Jose Emilio Labra Gayo <[EMAIL PROTECTED]> writes:
> I am using the Graphics library and I have 2 questions:
> (I am running HUGS 1.4 (970719) on Windows 95)
> - If I call "polyline" with a single point it does strange things (the
> following program shows a window and closes it inmediatly). Is it normal?
In Win32, PolyLine returns an error code if you pass it an array with <2
points in it. The Graphics library catches that error code and propagates
it up to the Picture drawing code which catches the error and aborts the
program. (Similar constraints apply to the bezier functions and the other
polygon functions.)
There are a number of possible fixes:
1) Do nothing - probably not a good choice since it sounds like people
are finding it confusing.
2) Print a useful error message.
We've just rewritten the Win32 interface (using GreenCard 2). This
revised interface (which isn't ready for release yet) gives much
better error messages - we can make sure that we actually disp0lay them
on the screen.
3) Change the semantics of polyline so that lists of 0 or 1 Points do
nothing rather than producing an error.
This is easy to implement - the only question is whether it is the
Right Thing to do. Would this mask genuine programming errors
(leading to confusion) or would it lead to a simpler graphics
calculus?
In this case, I think it's probably the right thing to do. For bezier's
(which require something like 3n+1 points), we should probably
continue to raise an error code.
> - Suppose I want to draw a program who prints infinite lines
> (until I type interrupt it). For example:
>
> doLines = [line p1 p2 |(p1,p2) <- zip pts (tail pts) ]
> where pts = map f [0..]
> f x = (x+1,x+1)
>
> How can I print then on the screen. I tried with "overMany" but it tries
> to evaluate the list and it doesn't print anything.
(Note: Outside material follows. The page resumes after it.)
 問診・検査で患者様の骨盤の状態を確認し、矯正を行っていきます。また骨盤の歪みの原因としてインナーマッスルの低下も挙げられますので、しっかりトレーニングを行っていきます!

The graphics library draws the entire picture and then bitblts it onto
the screen in one go. Since your picture contains an infinite number
of lines, it obviously takes an infinite amount of time to draw it.
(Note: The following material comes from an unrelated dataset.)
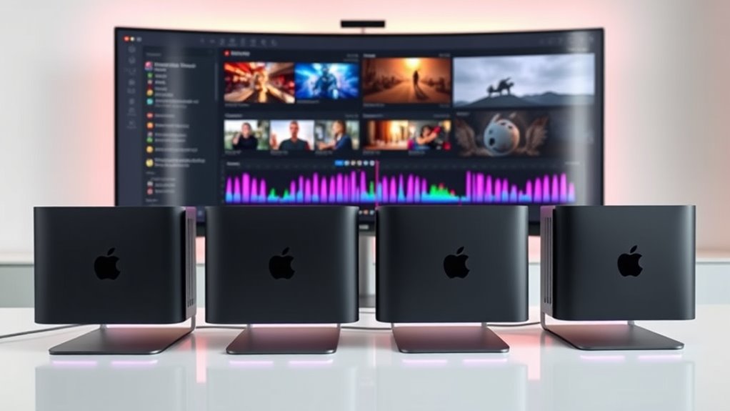 Since a powerful GPU directly affects how smoothly your video plays and renders, it’s crucial to prioritize graphics performance when selecting a Mac Studio for editing high-resolution footage. A robust GPU accelerates effects, transitions, and real-time previews, considerably reducing editing time. For 4K and 8K workflows, ample GPU cores and dedicated media engines are essential, especially for hardware-accelerated ray tracing and HDR processing. A high-performance GPU also streamlines encoding and decoding formats like ProRes, HEVC, and AV1, ensuring smoother playback and rendering. Additionally, choosing a Mac with strong GPU capabilities allows you to efficiently work across multiple high-res displays and handle complex visual effects simultaneously, making it an indispensable factor for professional video editing workflows.

The right approach is to use not just one picture but a sequence of
pictures which you draw to the screen at regular intervals.
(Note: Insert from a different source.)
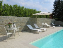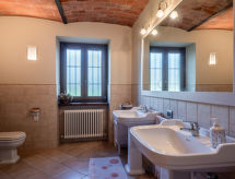 Sehr schönes, alleinstehendes, komfortables Landhaus "Castellaio", auf 2 Stockwerken, renoviert im Jahre 2020. Ausserhalb des Ortes, 2 km vom Zentrum von Vesime, sonnige, erhöhte Lage, im Grünen. Zur Alleinbenutzung: naturbelassenes Grundstück 3'000 m2, grosser Garten mit Rasen und Bäumen, Schwimmbad (10 x 5 m, 140 cm tief, saisonale Verfügbarkeit: 15.Mai. - 15.Okt.). Aussendusche, Poolhaus mit Kühlschrank, Pergola, Terrasse, Gartenmöbel, Poolpflege durch den Besitzer/Gärtner Parkplatz (für 4 Autos) beim Haus auf dem Grundstück. Lebensmittelgeschäft 2 km, Supermarkt 5 km. Nahe gelegene Sehenswürdigkeiten: Acqui Terme 26 km, Alba 34 km, Asti 45 km, Turin 95 m.Interior

Sadly, "animations" like this aren't very well supported by the
graphics library - as the picture gets bigger and bigger, the redraw
time will get longer and longer. We could have avoided this problem
by buffering Pictures in a bitmap (and using a different
implementation for addToPicture) - but that wouldn't allow us to
resize windows.
The only way we can see of fixing these problems is to expose more of
the underlying machinery (bitmaps, device contexts, etc) and abandon
the simple declarative semantics of Pictures in favour of a purely
operational semantics.
Alastair
ps If it's animations you're wanting, give Fran a shot - it was designed
for the purpose.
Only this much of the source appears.